Lansing State Journal summed up the production as "another Milt Gross nightmare". The Harrisburg Telegraph termed Gross's original story "on the nut side in the usual Grossian manner". The Cincinnati Enquirer gave the film a "D" on its report-card rating system.

Modern-day reviews were more positive. Price called the film a "believable farce", crediting the director, screenwriter, and lead actors for pulling off a comedic tale a la James Thurber. Price commends director William Nigh for "treat[ing] the haunted-house gimmicks as the laughable clichés they had long since become", but also maintaining cinematic tension when it comes to "the genuine dangers that confront his characters". He calls Dunn's performance a "delight" and Rice's portrayal "engaging", and lauds cinematographer Robert E. Cline for his "richly composed photography" that adds polish to the production.

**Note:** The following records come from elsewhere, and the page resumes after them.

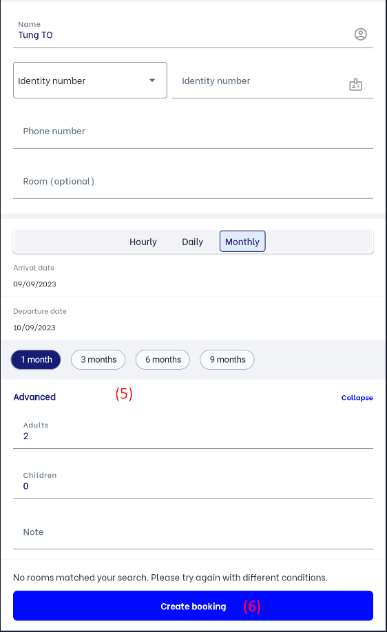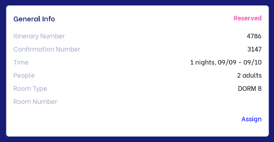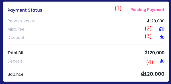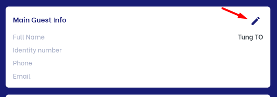 ![]() II. Details of reservation:(1) General info: Click on "Assign" to assign a room number for the reservation if it has a "Reserved" status ![]() (2) Main guest info: Users can change guest information by clicking on the icon :edit: to update guest name, ID, phone number, and email information. ![]() (3) Payment status: ![]()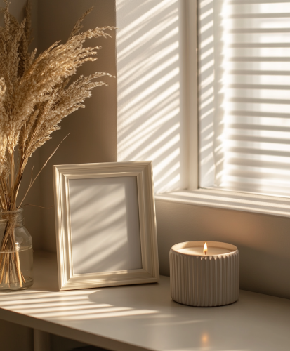 photograph of an empty upright rectangular photo frame on a home office desk, next to it a candle. The room is decorated in neutral tones, creating soft lighting that evokes a warm atmosphere. Sunlight streams through the window, casting gentle shadows across the space. This image conveys a serene moment , captured with a Canon EOS R5 mirrorless camera --ar 5:6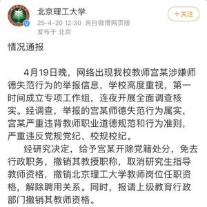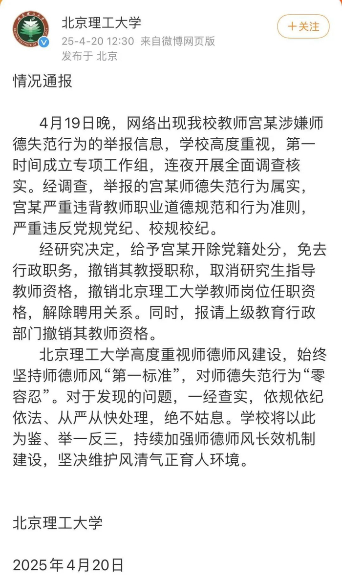 对此,4月20日中午,北京理工大学发布情况通报:经调查,举报的宫某师德失范行为属实,宫某严重违背教师职业道德规范和行为准则,严重违反党规党纪、校规校纪。经研究决定,给予宫某开除党籍处分,免去行政职务,撤销其教授职称,取消研究生指导教师资格,撤销北京理工大学教师岗位任职资格,解除聘用关系。同时,报请上级教育行政部门撤销其教师资格。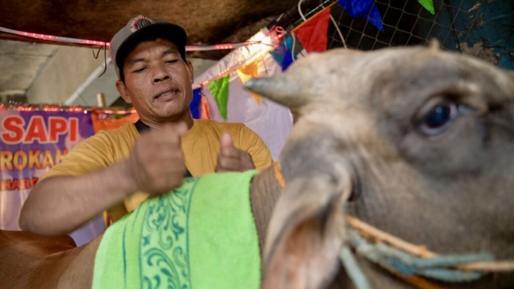 Sumarwan says he is one of only two people in this area of North Jakarta able to give cattle massages for the major holiday in the Islamic calendar.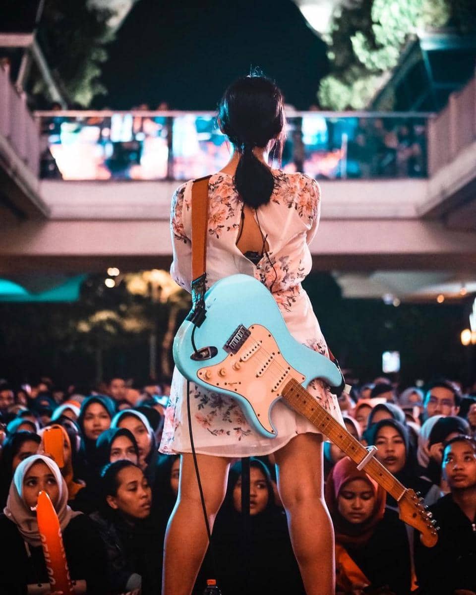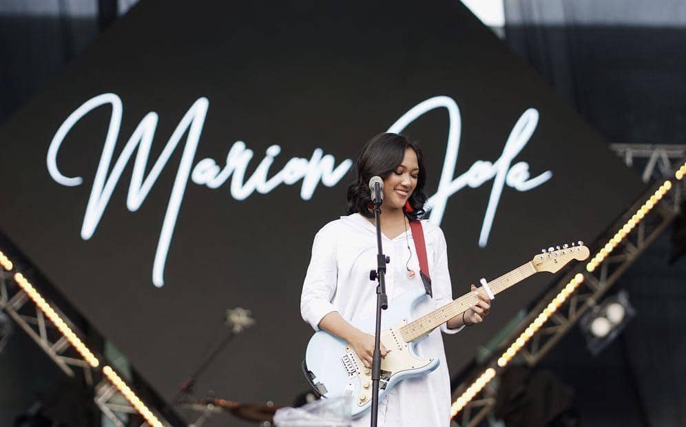 2. Ini saat pertama kali Marion Jola tampil di atas panggung memainkan gitar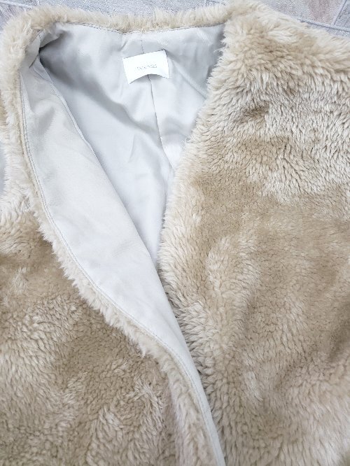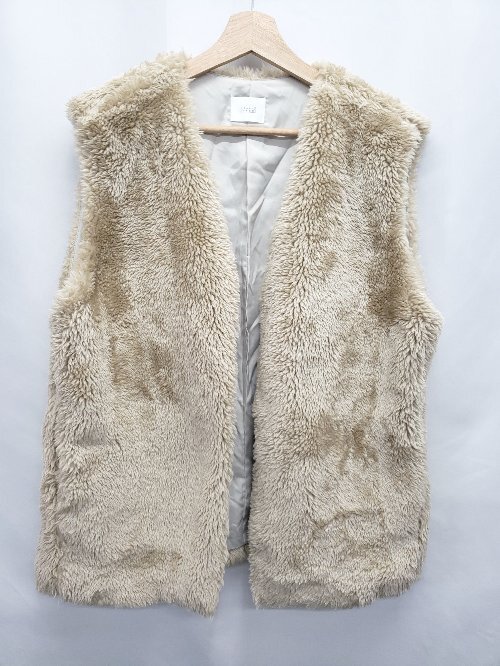 ◇ ⊇ LOWRYS FARM ローリーズファーム フェイクファー ノースリーブ ベスト サイズF ベージュ系 レディース E

The 1998 Blockbuster Entertainment Guide to Movies and Videos gave the film three stars, calling it an "[e]njoyable B-comedy tingle". TV Guide also gave it a three-star rating, writing: "Secret passages and hidden panels make for some zany hocus-pocus". Bowkers Complete Video Directory 2003 writes: "James Dunn is at his wisecracking best in this lightning-paced laugh-a-minute haunted house farce". Halliwell's Film Guide calls the film a "predictable, mildly amusing second feature comedy-thriller".

According to Edwards, The Ghost and the Guest is one in a long line of Hollywood films that validate skepticism about paranormal activity by depicting "a haunted house that is not truly haunted".